In one city, Mianyang, near the epicentre, more than 18,000 people are said to be buried under the rubble, state news agency Xinhua reports.
In the nearby town of Mianzhu, at least 4,800 people are trapped, and massive landslides have buried roads to outlying villages, state news agency Xinhua says.
Sichuan Vice-Governor Li Chengyun said the death toll included: 7,395 in Mianyang, 2,648 in Deyang City, 959 in the provincial capital Chengdu, 700 in Guangyuan City, and 161 in the Aba Tibetan and Qiang Autonomous Prefecture.
Premier Wen Jiabao was quick to reach the scene and urged rescuers to clear roads into the worst-hit areas as fast as possible.
"As long as there is even a little hope, we will redouble our efforts 100 times and will never relax our efforts," he told crying locals through a loudhailer in the badly hit Dujiangyan city, south-east of the epicentre.
The health ministry has made an urgent appeal for people to give blood to help the injured.
But plans to air-drop supplies and deliver troops by parachute have been undermined by bad weather.
The BBC's Michael Bristow describes a scene of organised chaos in Dujiangyan - with dazed survivors in the streets in their pyjamas while police try to direct traffic.
China mounts huge rescue efforts to find survivors
He heard the story of one man whose uncle was trapped in the rubble of his apartment building. He was able to speak to him on his mobile phone, but could not reach him and was desperately searching for help.
Panic is rife, he says, and there is a palpable sense of fear.

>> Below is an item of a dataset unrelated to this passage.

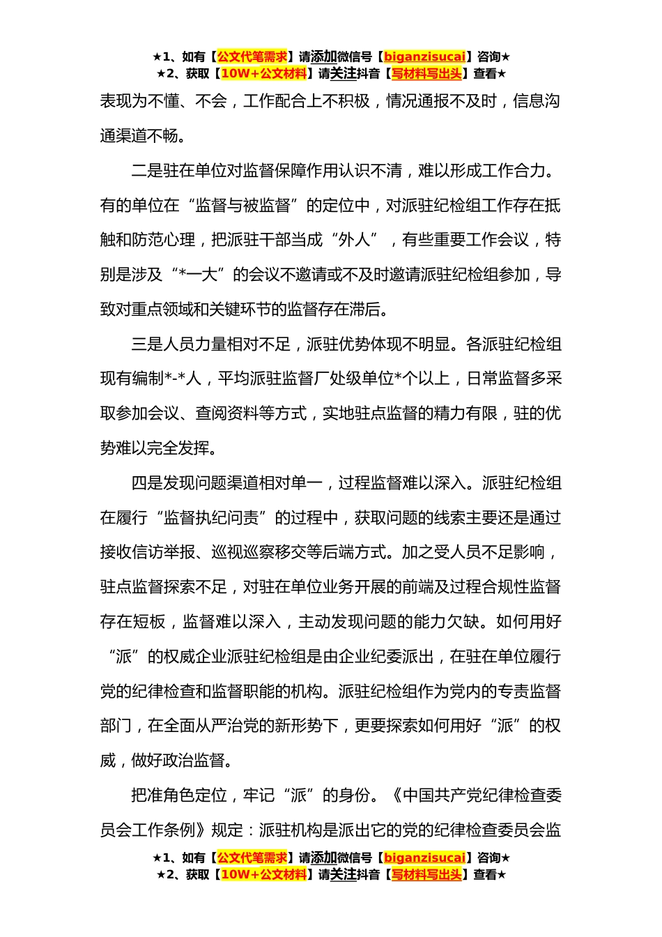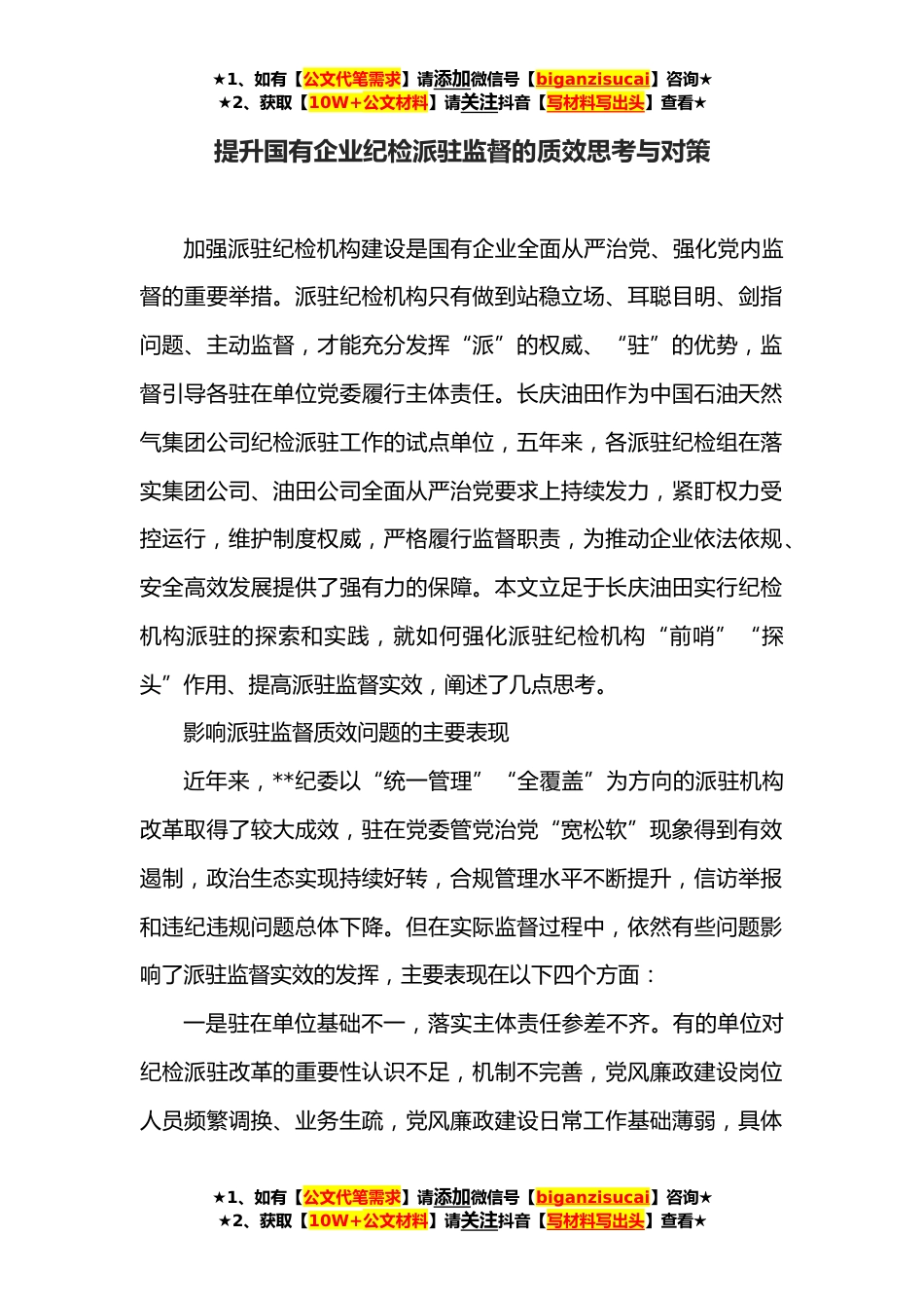 ★1、如有【公文代笔需求】请添加微信号【biganzisucai】咨询★★2、获取【10W+公文材料】请关注抖音【写材料写出头】查看★提升国有企业纪检派驻监督的质效思考与对策加强派驻纪检机构建设是国有企业全面从严治党、强化党内监督的重要举措。派驻纪检机构只有做到站稳立场、耳聪目明、剑指问题、主动监督,才能充分发挥“派”的权威、“驻”的优势,监督引导各驻在单位党委履行主体责任。长庆油田作为中国石油天然气集团公司纪检派驻工作的试点单位,五年来,各派驻纪检组在落实集团公司、油田公司全面从严治党要求上持续发力,紧盯权力受控运行,维护制度权威,严格履行监督职责,为推动企业依法依规、安全高效发展提供了强有力的保障。本文立足于长庆油田实行纪检机构派驻的探索和实践,就如何强化派驻纪检机构...

Strong aftershocks have hit regularly, and rumours that others are about to strike have sent people scurrying through the streets, dragging bags behind them.
People do not want to return to their homes, he says, and are spending another night in the open, in heavy rain, with no power or water.
The quake - now upgraded to 7.9 magnitude - struck on Monday at 1428 local time (0628 GMT) and was felt as far away as Beijing and the Thai capital, Bangkok.
Boulders and landslides are blocking roads in the worst-hit areas and helicopters have been unable to land because of the bad weather.
Beijing has deployed 50,000 troops to help with relief efforts, but many have not yet arrived.
About 1,300 rescue troops and medics have reached Wenchuan county and immediately started searching for survivors and treating the injured, Xinhua reported.
But there is still no word on casualties from the area - where about 100,000 people live.
Children pulled from the rubble at the school in Dujiangyan
Parents of about 900 students buried in the rubble of their school in Dujiangyan city waited anxiously for news, while relatives of at least 50 children whose bodies had been recovered mourned beneath the tarpaulin roof of a makeshift mortuary.
More than 100 people are thought to be buried underneath a hospital that collapsed. Relatives waited at the gate all day on Tuesday, but rescue workers only managed to pull out one body.
In Shifang, where two chemical plants collapsed, releasing a huge toxic cloud, about 600 people were reported dead and up to 2,300 still buried.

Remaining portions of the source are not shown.